* **Task to complete**
Which lines of the entries contain the string "with"? Copy each of them.
Source data: Begin
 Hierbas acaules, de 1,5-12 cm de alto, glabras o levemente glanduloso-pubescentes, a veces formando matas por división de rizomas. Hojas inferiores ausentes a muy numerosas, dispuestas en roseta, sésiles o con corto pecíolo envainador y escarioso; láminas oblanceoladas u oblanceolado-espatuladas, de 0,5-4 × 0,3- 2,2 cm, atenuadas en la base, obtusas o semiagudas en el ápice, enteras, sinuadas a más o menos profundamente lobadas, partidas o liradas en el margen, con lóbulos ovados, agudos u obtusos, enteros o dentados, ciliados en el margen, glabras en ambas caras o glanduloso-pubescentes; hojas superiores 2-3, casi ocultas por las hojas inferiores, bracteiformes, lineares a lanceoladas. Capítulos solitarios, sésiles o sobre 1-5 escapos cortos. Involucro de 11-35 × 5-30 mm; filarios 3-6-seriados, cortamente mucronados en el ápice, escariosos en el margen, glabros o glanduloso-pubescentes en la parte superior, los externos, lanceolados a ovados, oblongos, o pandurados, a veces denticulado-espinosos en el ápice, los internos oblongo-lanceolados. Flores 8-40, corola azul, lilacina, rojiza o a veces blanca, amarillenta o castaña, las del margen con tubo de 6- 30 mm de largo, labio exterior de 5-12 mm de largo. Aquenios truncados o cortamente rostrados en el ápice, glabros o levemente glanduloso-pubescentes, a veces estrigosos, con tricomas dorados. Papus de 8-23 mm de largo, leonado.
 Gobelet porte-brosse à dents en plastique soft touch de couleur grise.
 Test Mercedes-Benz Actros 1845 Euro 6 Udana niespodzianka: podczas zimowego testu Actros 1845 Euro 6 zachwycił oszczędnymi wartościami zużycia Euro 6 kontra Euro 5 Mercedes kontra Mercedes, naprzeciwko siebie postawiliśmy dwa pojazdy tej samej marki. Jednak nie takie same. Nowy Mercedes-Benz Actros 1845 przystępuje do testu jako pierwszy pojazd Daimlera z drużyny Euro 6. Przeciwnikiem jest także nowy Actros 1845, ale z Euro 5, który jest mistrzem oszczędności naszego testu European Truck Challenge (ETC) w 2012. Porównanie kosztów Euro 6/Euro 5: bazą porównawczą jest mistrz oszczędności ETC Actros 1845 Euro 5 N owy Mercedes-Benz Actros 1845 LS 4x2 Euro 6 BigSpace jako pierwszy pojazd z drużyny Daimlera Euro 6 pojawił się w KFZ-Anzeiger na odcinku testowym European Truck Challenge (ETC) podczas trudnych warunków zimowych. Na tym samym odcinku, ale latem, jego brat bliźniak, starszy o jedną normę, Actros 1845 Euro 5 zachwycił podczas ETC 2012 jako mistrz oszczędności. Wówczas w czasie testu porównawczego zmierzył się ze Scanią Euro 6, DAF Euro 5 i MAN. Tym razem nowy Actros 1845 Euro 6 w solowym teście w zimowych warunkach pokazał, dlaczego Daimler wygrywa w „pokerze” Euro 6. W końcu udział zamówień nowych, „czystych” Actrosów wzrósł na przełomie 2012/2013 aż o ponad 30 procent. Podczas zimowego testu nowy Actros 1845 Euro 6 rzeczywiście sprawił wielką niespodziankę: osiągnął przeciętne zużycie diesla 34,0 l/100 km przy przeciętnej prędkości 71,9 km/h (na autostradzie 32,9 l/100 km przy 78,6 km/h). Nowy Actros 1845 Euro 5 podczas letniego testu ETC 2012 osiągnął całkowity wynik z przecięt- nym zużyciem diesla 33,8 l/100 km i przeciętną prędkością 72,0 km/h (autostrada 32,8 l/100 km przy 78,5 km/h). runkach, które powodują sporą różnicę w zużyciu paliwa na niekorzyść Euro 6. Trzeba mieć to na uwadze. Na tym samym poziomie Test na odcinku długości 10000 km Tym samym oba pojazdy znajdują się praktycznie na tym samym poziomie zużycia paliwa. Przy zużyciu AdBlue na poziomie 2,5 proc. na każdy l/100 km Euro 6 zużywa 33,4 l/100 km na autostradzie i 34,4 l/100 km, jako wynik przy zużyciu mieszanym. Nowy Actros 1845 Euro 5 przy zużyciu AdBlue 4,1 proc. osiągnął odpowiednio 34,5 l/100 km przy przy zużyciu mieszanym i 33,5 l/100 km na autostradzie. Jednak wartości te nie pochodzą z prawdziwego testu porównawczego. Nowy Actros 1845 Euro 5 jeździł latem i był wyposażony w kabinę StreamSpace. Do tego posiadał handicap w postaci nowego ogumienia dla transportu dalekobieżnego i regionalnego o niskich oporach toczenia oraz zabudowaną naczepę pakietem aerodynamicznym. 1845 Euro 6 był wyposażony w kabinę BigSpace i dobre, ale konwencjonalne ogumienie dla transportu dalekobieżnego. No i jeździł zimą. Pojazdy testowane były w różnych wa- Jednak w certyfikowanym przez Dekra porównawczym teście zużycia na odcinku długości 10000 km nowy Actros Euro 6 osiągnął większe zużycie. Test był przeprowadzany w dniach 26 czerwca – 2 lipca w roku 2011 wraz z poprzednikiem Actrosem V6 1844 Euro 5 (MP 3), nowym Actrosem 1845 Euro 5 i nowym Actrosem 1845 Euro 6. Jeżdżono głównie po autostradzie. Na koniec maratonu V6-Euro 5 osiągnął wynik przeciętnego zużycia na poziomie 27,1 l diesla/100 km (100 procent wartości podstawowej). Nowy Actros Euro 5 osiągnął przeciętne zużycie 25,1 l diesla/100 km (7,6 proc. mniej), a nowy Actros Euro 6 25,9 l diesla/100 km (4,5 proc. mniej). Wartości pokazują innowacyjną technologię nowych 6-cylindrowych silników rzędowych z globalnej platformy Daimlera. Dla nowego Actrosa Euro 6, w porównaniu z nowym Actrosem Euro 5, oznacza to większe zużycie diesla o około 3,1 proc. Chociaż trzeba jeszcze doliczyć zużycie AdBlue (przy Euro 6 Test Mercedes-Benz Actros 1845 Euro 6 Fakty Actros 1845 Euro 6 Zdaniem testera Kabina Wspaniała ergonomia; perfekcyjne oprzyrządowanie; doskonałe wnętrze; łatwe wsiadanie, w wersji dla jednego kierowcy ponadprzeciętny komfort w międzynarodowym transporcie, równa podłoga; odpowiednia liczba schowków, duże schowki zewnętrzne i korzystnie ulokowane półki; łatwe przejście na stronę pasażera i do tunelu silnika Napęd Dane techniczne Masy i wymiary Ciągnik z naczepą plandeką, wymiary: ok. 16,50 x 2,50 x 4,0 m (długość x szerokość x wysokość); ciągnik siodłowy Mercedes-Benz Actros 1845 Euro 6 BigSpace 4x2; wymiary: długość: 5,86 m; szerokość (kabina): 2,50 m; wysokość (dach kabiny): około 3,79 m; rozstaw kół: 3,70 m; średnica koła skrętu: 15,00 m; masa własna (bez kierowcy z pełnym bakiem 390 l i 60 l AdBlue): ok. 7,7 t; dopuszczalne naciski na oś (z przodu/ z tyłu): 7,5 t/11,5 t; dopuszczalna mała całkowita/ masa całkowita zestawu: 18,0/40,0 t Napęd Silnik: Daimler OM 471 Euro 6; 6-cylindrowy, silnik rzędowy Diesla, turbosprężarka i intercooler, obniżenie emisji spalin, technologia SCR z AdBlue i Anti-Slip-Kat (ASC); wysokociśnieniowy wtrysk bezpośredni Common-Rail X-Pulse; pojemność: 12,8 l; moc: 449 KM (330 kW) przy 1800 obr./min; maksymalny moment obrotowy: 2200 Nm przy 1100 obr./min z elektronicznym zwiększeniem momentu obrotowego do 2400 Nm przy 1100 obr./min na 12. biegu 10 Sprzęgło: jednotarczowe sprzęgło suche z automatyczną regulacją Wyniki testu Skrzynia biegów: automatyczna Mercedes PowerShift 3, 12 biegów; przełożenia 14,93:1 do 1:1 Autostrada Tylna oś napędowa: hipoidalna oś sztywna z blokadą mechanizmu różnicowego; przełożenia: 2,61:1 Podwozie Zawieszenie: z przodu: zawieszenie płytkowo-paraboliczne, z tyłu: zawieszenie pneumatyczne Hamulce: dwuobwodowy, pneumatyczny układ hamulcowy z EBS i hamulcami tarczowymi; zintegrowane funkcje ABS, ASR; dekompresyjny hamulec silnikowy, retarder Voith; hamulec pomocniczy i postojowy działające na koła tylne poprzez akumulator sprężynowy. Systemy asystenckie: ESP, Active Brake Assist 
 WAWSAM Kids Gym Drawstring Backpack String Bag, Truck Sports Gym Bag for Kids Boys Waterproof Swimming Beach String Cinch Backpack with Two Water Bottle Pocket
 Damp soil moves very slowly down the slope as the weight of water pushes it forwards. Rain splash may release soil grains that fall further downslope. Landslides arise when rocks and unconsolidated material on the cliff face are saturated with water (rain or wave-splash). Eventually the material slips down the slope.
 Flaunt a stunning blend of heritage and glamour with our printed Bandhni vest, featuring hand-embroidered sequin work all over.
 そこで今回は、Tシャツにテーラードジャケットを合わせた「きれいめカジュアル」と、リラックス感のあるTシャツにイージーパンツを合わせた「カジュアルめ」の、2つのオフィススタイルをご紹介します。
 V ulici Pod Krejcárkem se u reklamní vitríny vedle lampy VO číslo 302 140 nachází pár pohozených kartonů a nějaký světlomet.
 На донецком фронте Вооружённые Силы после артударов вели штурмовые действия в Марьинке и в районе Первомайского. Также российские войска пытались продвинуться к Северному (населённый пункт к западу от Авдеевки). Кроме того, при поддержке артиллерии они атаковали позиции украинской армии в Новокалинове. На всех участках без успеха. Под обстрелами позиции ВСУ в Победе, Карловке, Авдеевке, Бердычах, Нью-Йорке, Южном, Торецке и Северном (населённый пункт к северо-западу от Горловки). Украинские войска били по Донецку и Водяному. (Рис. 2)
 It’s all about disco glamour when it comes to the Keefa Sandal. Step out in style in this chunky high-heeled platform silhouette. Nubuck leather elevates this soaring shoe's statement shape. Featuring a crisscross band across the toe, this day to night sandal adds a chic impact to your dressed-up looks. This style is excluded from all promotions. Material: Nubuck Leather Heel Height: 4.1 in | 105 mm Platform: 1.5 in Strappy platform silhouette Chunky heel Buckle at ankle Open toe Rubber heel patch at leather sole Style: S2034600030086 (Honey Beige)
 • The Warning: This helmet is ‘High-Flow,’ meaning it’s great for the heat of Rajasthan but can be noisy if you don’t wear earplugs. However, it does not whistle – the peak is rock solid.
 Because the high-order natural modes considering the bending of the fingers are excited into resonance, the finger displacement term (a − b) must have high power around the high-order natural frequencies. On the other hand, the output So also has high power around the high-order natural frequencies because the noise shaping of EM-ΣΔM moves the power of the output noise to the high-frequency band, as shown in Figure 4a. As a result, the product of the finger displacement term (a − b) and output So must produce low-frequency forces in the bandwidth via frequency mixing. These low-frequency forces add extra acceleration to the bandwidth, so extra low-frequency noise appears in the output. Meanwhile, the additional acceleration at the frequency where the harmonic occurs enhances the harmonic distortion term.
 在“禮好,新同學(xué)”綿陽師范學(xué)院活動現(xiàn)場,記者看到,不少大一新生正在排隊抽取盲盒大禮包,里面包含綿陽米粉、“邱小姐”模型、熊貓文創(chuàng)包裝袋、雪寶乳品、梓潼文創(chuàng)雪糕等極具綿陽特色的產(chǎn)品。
Source data: End
* **Answer to the exercise**
 WAWSAM Kids Gym Drawstring Backpack String Bag, Truck Sports Gym Bag for Kids Boys Waterproof Swimming Beach String Cinch Backpack with Two Water Bottle Pocket
 Damp soil moves very slowly down the slope as the weight of water pushes it forwards. Rain splash may release soil grains that fall further downslope. Landslides arise when rocks and unconsolidated material on the cliff face are saturated with water (rain or wave-splash). Eventually the material slips down the slope.
 Flaunt a stunning blend of heritage and glamour with our printed Bandhni vest, featuring hand-embroidered sequin work all over.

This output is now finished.